# scorpions



## jamesr (Dec 14, 2006)

Hey
Dose anyone know what type of scorpion I should get. Ive seen that there very cheap and easy to take care of but i dont know evey think I need to know before I get one.I need to know what type i should get,how often do I feed it what should I feed it, can I hande it, how oftern and if so how do I handle it.
THANKS


----------



## jamesr (Dec 14, 2006)

And plese also I need to know do they like it wet and what about heat


----------



## jamesr (Dec 14, 2006)

thanks im form sydney nsw


----------



## jamesr (Dec 14, 2006)

do you just feed them a cricket evey two days


----------



## jamesr (Dec 14, 2006)

thanks but how do I pick them up and how long do you mean by not very oftern.
dose it hurt if they sting you.


----------



## makaveli (Dec 14, 2006)

Yea, pretty much like a wasp sting, some species hurt more than others, but you realy should try to avoid getting stung at all, the way i pick mine up, is i use my thumb and index finger and pick it up just behind the sting and then put it on my hand, dont hold it my the sting for too long they realy dont like it.


----------



## jamesr (Dec 14, 2006)

ok thanks just two more qustions,whats the smallest size contaner they can live in and how much is a cheap one.


----------



## Tatelina (Dec 14, 2006)

Have you tried your local library for research? Sounds like you may need to learn a little bit more before you invest in a living creature.


----------



## jamesr (Dec 14, 2006)

ok ill just use a chinese container and find a breeder and i should get one.thanks


----------



## jamesr (Dec 14, 2006)

Yes i have but ill check agin i do know a bit a scorpions just not every think


----------



## jamesr (Dec 14, 2006)

Well maybe i do have another quistion do they need to burrow


----------



## jamesr (Dec 14, 2006)

ok i thought so just making sure


----------



## jamesr (Dec 15, 2006)

hi agin can black rock scorpions climb smoth surfaces because my encouser dosent have a lid.
thanks


----------



## cuddlykylie (Dec 15, 2006)

i have a question, when you feed them, do they need to be taken out and put into a seperate place or can i leave them in there and let the cricket go in there, also do i need to seperate my 2 when feeding, they follow each other around everywhere,


----------



## jamesr (Dec 16, 2006)

dose anyone know......


----------



## cuddlykylie (Dec 16, 2006)

hello


----------



## Thumpage44 (Dec 16, 2006)

jamesr said:


> hi agin can black rock scorpions climb smoth surfaces because my encouser dosent have a lid.
> thanks



Your Encloser will need an airtight lid to keep the humidity in so the scorpions dont dry out and die, your tank will also need to be misted every few days. And they cant climb smooth surfaces.

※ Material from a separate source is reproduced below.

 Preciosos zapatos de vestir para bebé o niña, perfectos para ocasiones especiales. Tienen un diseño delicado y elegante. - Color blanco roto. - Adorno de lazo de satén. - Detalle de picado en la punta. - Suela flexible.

Yes you can just put the crickets in the tank


----------



## jamesr (Dec 16, 2006)

ok thanks


----------



## Jakee (Dec 16, 2006)

How many crickets should they feed on ?????


----------



## jamesr (Dec 16, 2006)

Someone told me one every two days.


----------



## Jakee (Dec 16, 2006)

kk cool


----------



## jamesr (Dec 16, 2006)

what happens if i dont use a lid but i spray them like 2 times a day


----------



## jamesr (Dec 16, 2006)

OK well tumpage44 said i did need a lid and if i dont how oftern do i need to spray them.


----------



## jamesr (Dec 16, 2006)

ok well if I use glad wrap how oftern should I mist them like every morning of more.


----------



## Thumpage44 (Dec 16, 2006)

Misting does very little if you dont have a lid to keep the moisture in, just put glad wrap over your tank, it works for me  mist twice a week.


----------



## jamesr (Dec 16, 2006)

ok then thanks a lot.


----------



## jamesr (Dec 16, 2006)

ok well I ask so many questions because its better to be 100% about something then like 75%


----------



## Jakee (Dec 16, 2006)

Yep, dont be shy to ask questions because in the end your the one who is gonna be looking after em and yoo wanna make them as healthy as they can be.....

Cheers, repz


----------



## jamesr (Dec 16, 2006)

Yep thats what its like


----------